_INSTRUCTIONS FOR THE TASK_.
Nothing but the lines from the one with "Łukasz Lipka z" through the end of the material should be retyped, word for word and without pictures.
▽
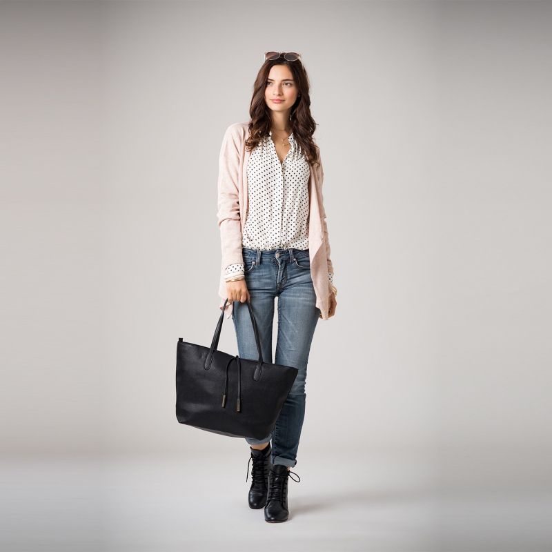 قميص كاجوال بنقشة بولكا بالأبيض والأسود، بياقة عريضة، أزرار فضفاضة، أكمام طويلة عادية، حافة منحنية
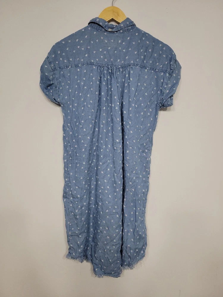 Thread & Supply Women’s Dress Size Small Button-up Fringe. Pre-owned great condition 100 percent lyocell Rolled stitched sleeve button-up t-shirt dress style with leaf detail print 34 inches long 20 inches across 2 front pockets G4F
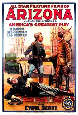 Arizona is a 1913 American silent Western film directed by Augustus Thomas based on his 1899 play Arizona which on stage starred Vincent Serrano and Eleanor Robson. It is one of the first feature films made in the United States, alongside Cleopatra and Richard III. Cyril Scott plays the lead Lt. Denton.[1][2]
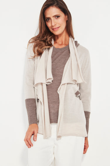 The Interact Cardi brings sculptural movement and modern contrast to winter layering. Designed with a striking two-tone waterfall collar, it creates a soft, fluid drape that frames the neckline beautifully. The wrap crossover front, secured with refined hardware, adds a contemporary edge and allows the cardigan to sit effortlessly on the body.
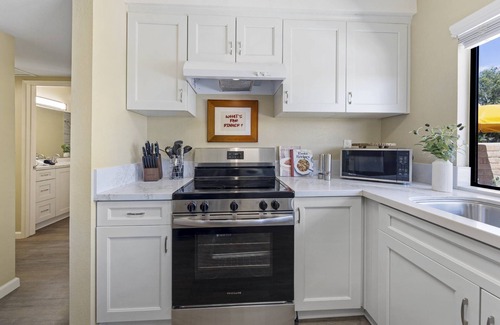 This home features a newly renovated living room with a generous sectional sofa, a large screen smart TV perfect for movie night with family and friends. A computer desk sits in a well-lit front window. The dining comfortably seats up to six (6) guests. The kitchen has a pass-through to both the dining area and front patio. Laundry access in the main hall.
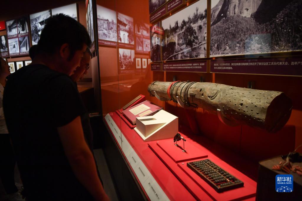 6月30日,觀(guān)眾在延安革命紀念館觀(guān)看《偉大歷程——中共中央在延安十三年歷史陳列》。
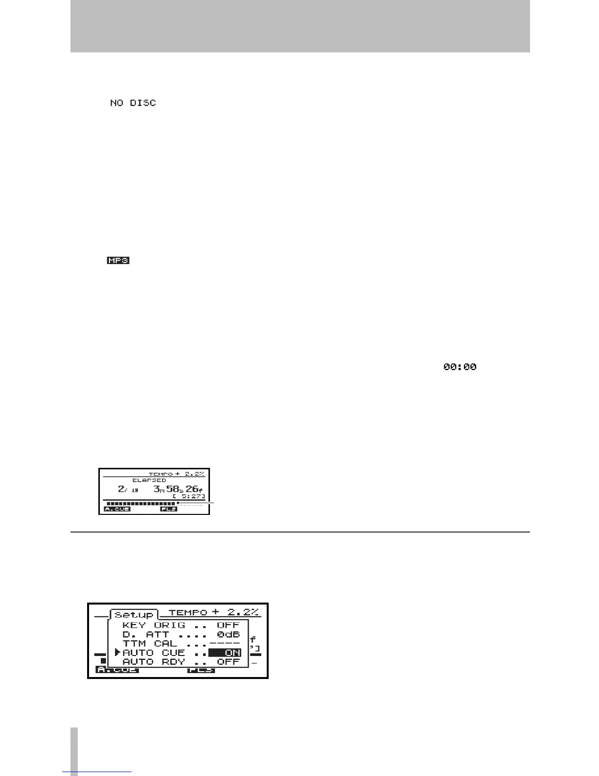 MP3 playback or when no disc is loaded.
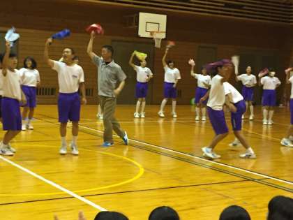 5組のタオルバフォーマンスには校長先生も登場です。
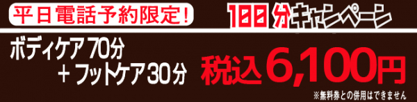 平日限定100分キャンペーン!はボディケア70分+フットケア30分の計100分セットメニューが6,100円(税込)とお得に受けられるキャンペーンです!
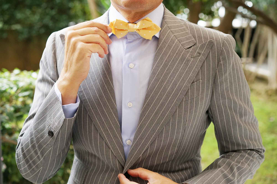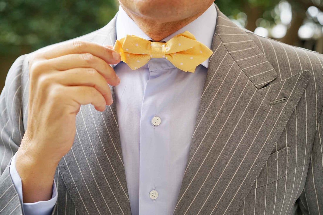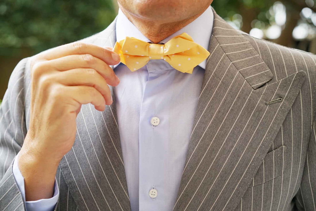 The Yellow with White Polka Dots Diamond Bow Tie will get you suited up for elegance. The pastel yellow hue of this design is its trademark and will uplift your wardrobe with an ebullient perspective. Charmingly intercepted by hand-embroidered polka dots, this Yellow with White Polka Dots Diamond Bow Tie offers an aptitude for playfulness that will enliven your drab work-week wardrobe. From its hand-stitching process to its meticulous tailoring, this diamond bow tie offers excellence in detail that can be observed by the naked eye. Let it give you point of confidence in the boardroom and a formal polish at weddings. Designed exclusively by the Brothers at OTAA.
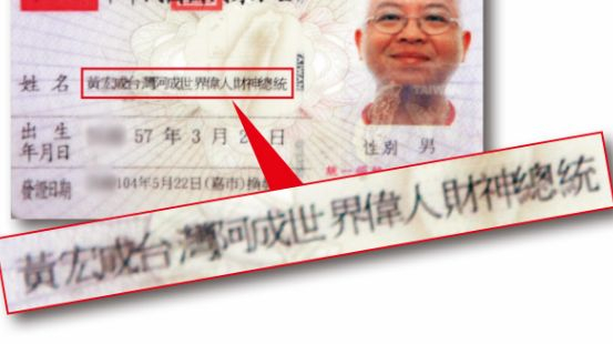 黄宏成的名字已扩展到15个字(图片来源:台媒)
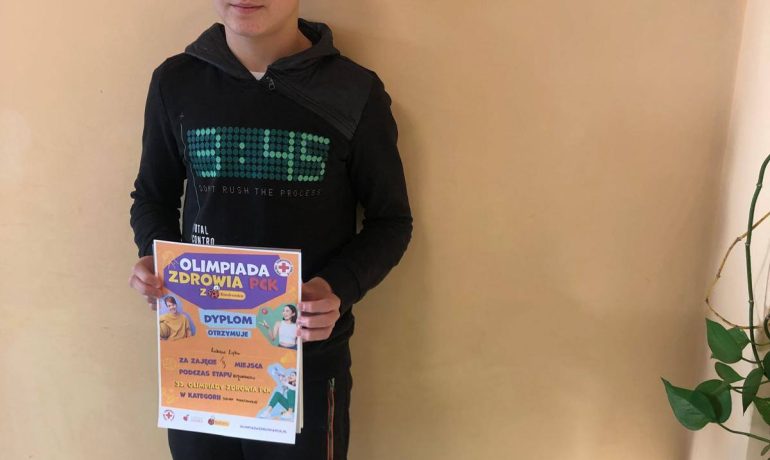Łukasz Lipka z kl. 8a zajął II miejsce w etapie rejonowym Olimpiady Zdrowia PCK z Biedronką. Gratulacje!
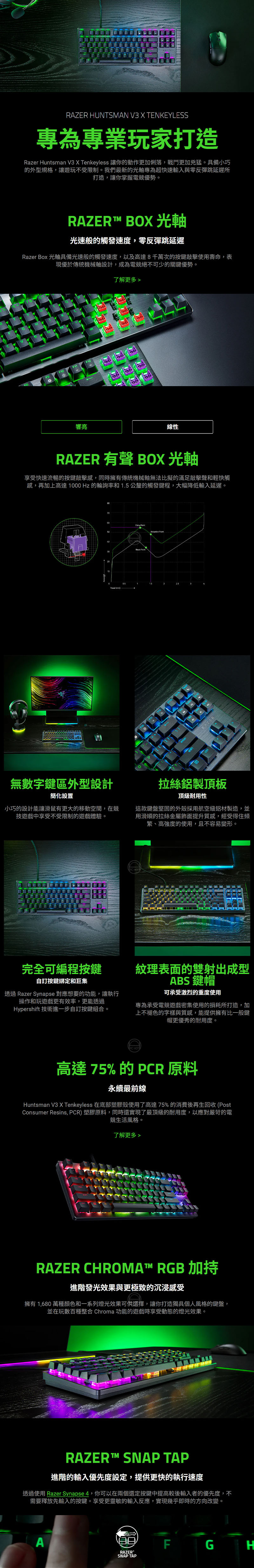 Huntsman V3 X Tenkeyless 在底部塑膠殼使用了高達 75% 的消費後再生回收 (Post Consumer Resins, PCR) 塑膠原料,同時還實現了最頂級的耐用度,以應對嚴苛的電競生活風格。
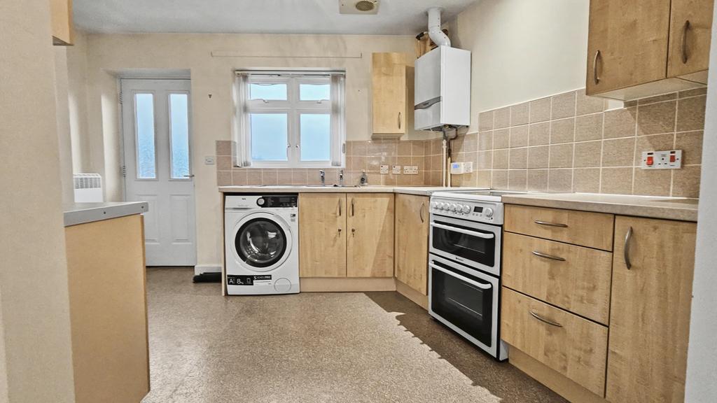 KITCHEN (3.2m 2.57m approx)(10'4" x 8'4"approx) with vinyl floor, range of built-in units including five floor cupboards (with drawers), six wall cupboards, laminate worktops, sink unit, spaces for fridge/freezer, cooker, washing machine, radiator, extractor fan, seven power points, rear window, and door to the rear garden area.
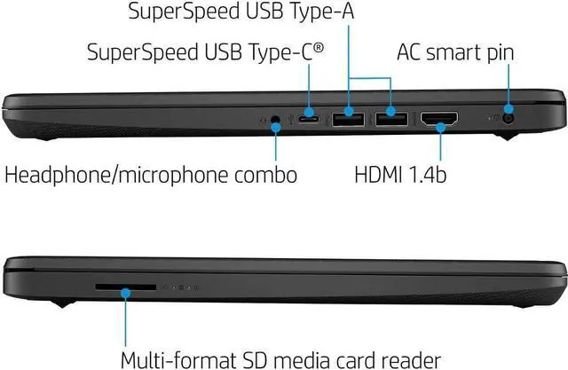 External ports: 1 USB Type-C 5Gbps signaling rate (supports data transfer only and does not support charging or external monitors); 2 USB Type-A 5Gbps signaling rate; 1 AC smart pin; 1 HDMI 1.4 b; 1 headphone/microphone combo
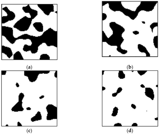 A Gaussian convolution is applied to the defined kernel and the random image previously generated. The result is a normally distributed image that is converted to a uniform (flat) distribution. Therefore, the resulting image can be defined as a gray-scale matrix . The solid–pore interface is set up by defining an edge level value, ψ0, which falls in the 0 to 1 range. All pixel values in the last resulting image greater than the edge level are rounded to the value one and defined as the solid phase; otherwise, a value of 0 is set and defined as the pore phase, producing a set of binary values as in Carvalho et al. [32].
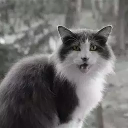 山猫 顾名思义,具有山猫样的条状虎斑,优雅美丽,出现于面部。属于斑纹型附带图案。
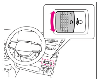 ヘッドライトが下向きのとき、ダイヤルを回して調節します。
△
_OUTPUT_.
Łukasz Lipka z kl. 8a zajął II miejsce w etapie rejonowym Olimpiady Zdrowia PCK z Biedronką. Gratulacje!
 Huntsman V3 X Tenkeyless 在底部塑膠殼使用了高達 75% 的消費後再生回收 (Post Consumer Resins, PCR) 塑膠原料,同時還實現了最頂級的耐用度,以應對嚴苛的電競生活風格。
 KITCHEN (3.2m 2.57m approx)(10'4" x 8'4"approx) with vinyl floor, range of built-in units including five floor cupboards (with drawers), six wall cupboards, laminate worktops, sink unit, spaces for fridge/freezer, cooker, washing machine, radiator, extractor fan, seven power points, rear window, and door to the rear garden area.
 External ports: 1 USB Type-C 5Gbps signaling rate (supports data transfer only and does not support charging or external monitors); 2 USB Type-A 5Gbps signaling rate; 1 AC smart pin; 1 HDMI 1.4 b; 1 headphone/microphone combo
 A Gaussian convolution is applied to the defined kernel and the random image previously generated. The result is a normally distributed image that is converted to a uniform (flat) distribution. Therefore, the resulting image can be defined as a gray-scale matrix . The solid–pore interface is set up by defining an edge level value, ψ0, which falls in the 0 to 1 range. All pixel values in the last resulting image greater than the edge level are rounded to the value one and defined as the solid phase; otherwise, a value of 0 is set and defined as the pore phase, producing a set of binary values as in Carvalho et al. [32].
 山猫 顾名思义,具有山猫样的条状虎斑,优雅美丽,出现于面部。属于斑纹型附带图案。
 ヘッドライトが下向きのとき、ダイヤルを回して調節します。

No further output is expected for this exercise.